### WHAT NEEDS TO BE DONE
Your copy of the listing should be exact and should contain no pictures.

BEGIN INPUT DATA

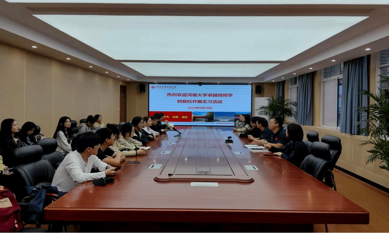 2025 年 9 月 18 日下午,教育学部2025级卓越教师班25名研究生赴河南大学附属中学金明校区开展见习工作。此次见习见面会在河南大学附属中学金明校区二楼会议室召开,卓越教师班班主任权培培老师、河南大学附属中学丁恒主任及黄果树、韦鑫等24位见习学生到场参会。
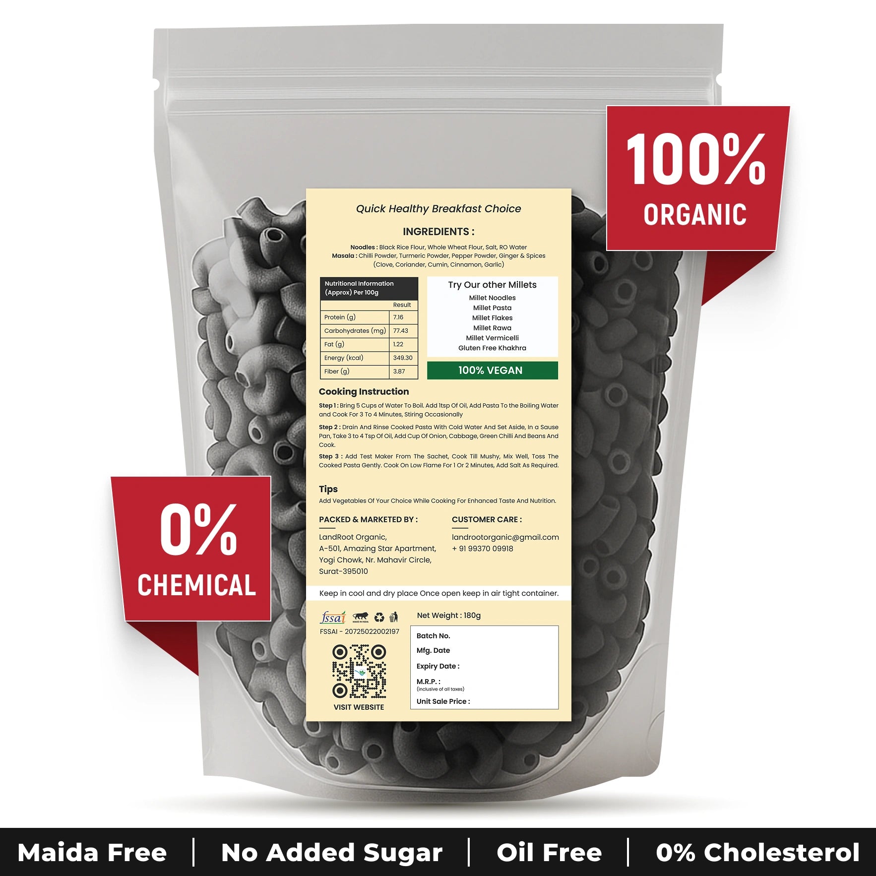 - Certified Organic Black Rice Pasta: Made from 100% organic black rice, free from harmful chemicals and pesticides.
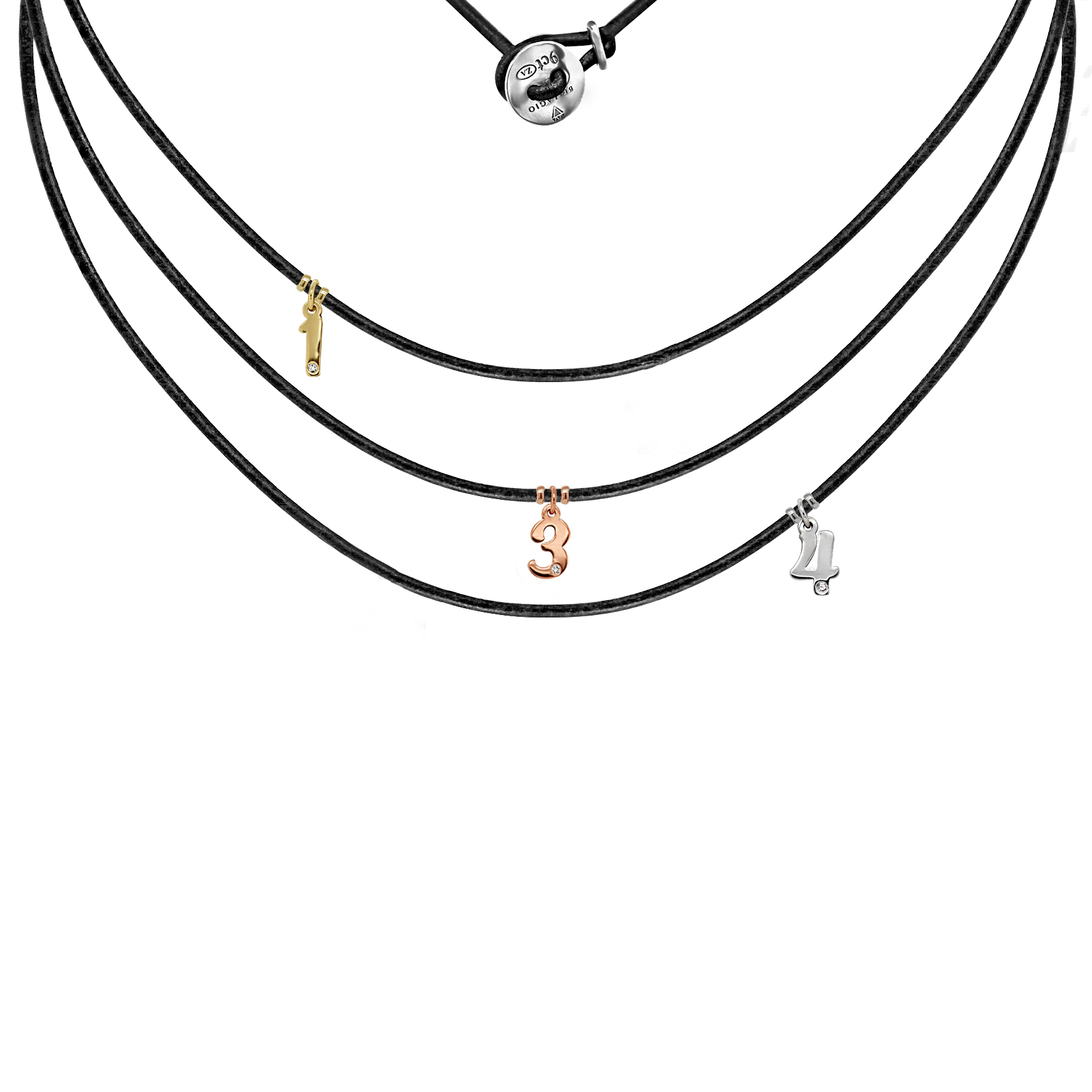 9ct White, Yellow & Rose Gold Diamond Multicharm Black Leather Cord Momenti Necklace

END INPUT DATA

### EXERCISE SOLUTION
 2025 年 9 月 18 日下午,教育学部2025级卓越教师班25名研究生赴河南大学附属中学金明校区开展见习工作。此次见习见面会在河南大学附属中学金明校区二楼会议室召开,卓越教师班班主任权培培老师、河南大学附属中学丁恒主任及黄果树、韦鑫等24位见习学生到场参会。
 - Certified Organic Black Rice Pasta: Made from 100% organic black rice, free from harmful chemicals and pesticides.
 9ct White, Yellow & Rose Gold Diamond Multicharm Black Leather Cord Momenti Necklace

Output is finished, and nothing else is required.